The difference between “stack frame” i.e. local memory usage and “video memory(by the CPU)” i.e. global memory usage should not really have much impact on performance unless the data is being accessed more than once. If the data is being accessed more than once, then move the data up the memory hierarchy to achieve higher performance. The method of doing this isn’t any different when using CDP kernels: most likely the data passed to the kernel is passed in global memory. From there, you could move it “up the hierarchy” for example by moving data that sees significant re-use into shared memory.
Having stated that, Dynamic Parallelism is not a universal method for increasing code performance. Dynamic Parallelism has benefits in terms of code reuse, reducing host/device synchronization traffic, and in general allowing the programmer to express algorithms in a more natural way.
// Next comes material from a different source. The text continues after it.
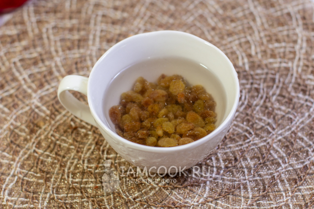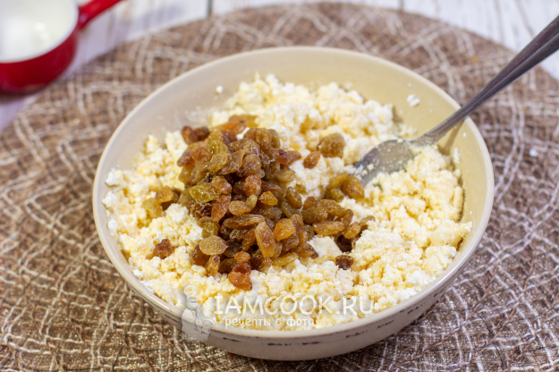 Чтобы приготовить сырники с изюмом, нужно перебрать изюм: отделить, если есть, мусор и оторвать "хвостики". Промыть и немного распарить, залив его небольшим количеством кипятка (примерно на палец выше уровня изюма). Накройте тарелкой и отставьте в сторону. Я оставила изюм на 5 минут в кипятке, а затем промыла под водой и обсушила бумажными полотенцами.

It may also have the benefit of allowing certain types of algorithm realizations to more fully utilize the GPU.
So a few of the above benefits (reducing host/device synchronization traffic, allowing certain types of algorithm realizations to more fully utilize the GPU), if they are significant in your application, may allow a code exploiting CDP to run faster than a corresponding code that does not. But CDP is not first and foremost a general technique for increasing code performance. If your code can be expressed in kernels that efficiently and fully utilize the GPU, it’s not likely that an alternate, CDP based realization will yield any significant performance benefits.